Wieman should know. Aside from having captained his share of undergraduate physics-for-poets courses, Wieman is now, in a sense, America’s First Science Teacher, in that President Obama took him on last year with the assignment of improving science education in America.

It’s no secret we’ve got some work to do along those lines. A widely accepted standardized test administered in 2009 to large samplings of high school students in industrialized countries found that U.S. students scored 23rd in science, with students from China scoring highest. The United States has long closed the knowledge gap in graduate school, where our programs still lead the world in the production of new scientific insights, as measured by publications in science journals. But a study by the Royal Society in the U.K. earlier this year reported that even in this regard China is on track to pull ahead of the United States as early as 2013.

Noting that his physics Ph.D. students were arriving from college woefully unprepared but went on to thrive in the lab-oriented atmosphere of grad school, Wieman suspected the problem might have its roots in that core teaching tool of the college experience, the undergraduate lecture. He unearthed some research to back up that hunch.

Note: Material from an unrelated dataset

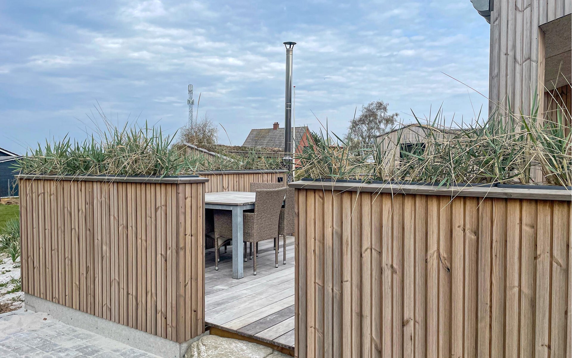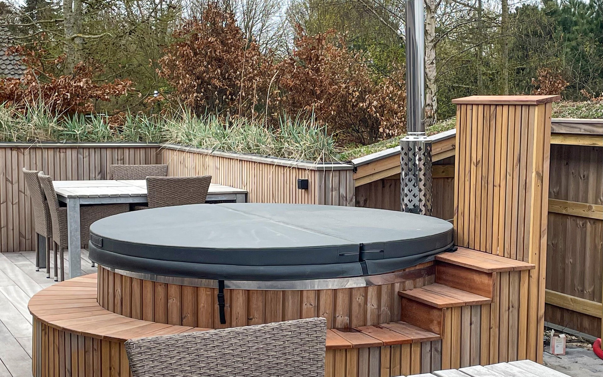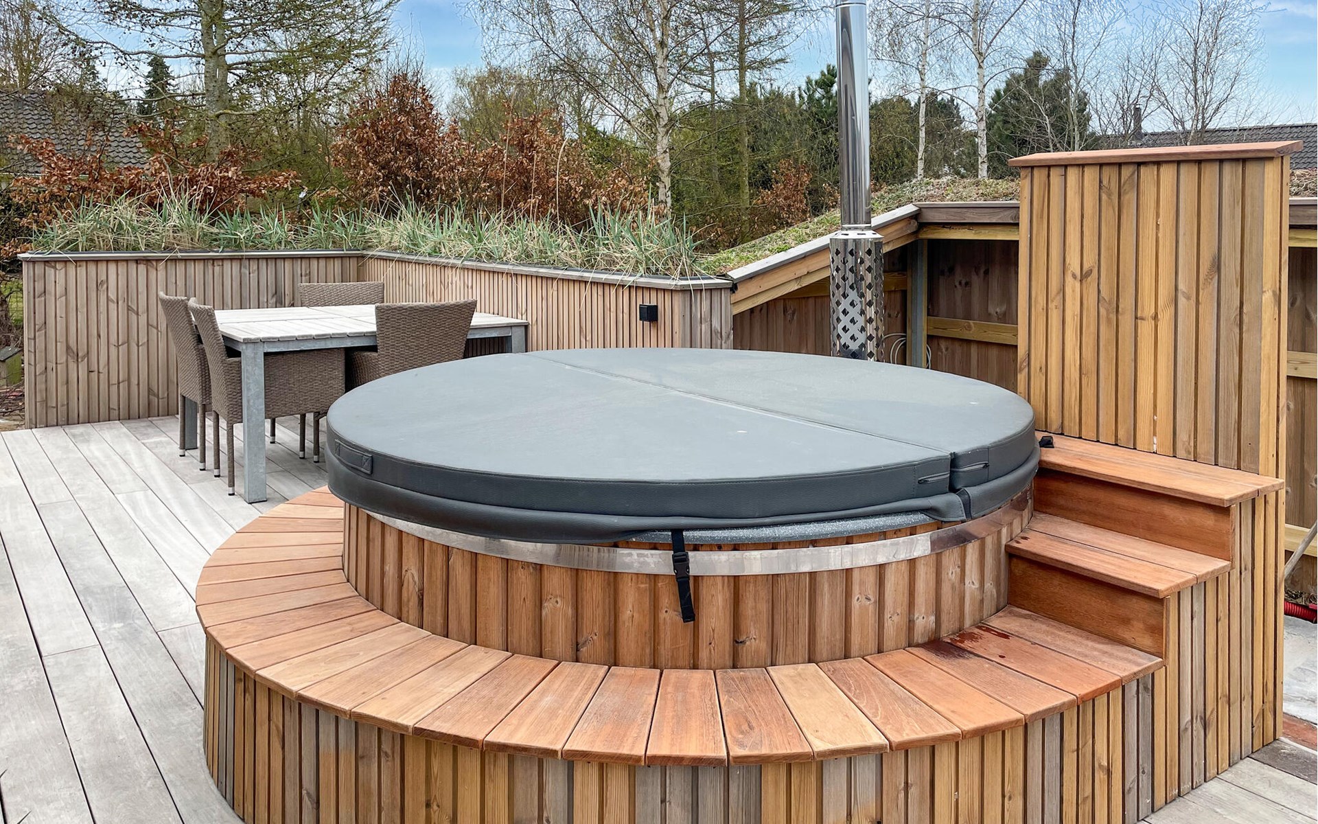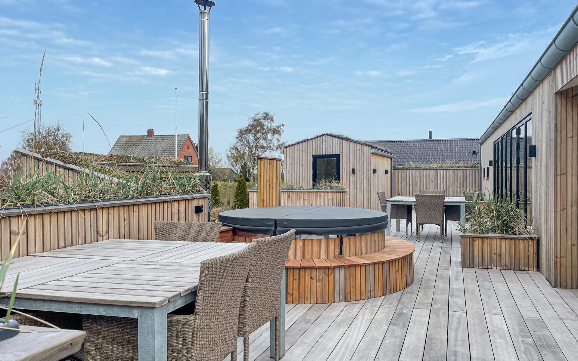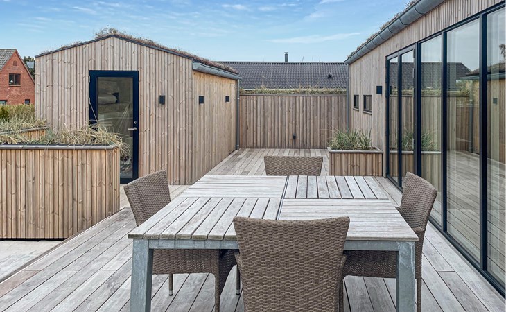 Walk barefoot across the wooden terrace and treat yourself to some time out in the Finnish wooden bath or indulge in the soothing warmth of the sauna. The spacious lawn offers plenty of opportunities for young and old to play and run around together.

A University of Maryland study of undergraduates found that after a physics lecture by a well-regarded professor, almost no students could provide a specific answer to the question, “What was the lecture you just heard about?” A Kansas State University study found that after watching a video of a highly rated physics lecture, most students still incorrectly answered questions on the material. Wieman himself found that when he quizzed students about a fact he had presented 15 minutes earlier in a lecture, only 10 percent showed any sign of remembering it.

Investigating further, Wieman learned what cognitive scientists have proven repeatedly in recent years: Humans don’t learn concepts very well by having someone blab on about them. In other words, the college lecture is to a large extent a waste of time.

Graham Gibbs, former director of the Oxford Learning Center, which helps instructors improve their teaching skills, has been making that argument for three decades. In a landmark paper, “Twenty Terrible Reasons for Lecturing,” he points to “overwhelming” evidence that lectures are an ineffective way for universities to achieve the educational objectives they set. Academia continues to rely heavily on lectures, Gibbs argues, because professors are “overworked,” “ignorant,” and “don’t know how to design courses.”

The simple insight that lectures don’t work well raises two questions. First, where do I apply to get those 3,000 hours of my life back? And second, what does work? To demonstrate, Wieman and colleague Katherine Perkins put together a science-learning initiative at the University of Colorado. The next year he and his wife, Sarah Gilbert, then a physicist at the National Institute of Standards and Technology, created a second one at the University of British Columbia after the institution pledged $12 million over six years to the program.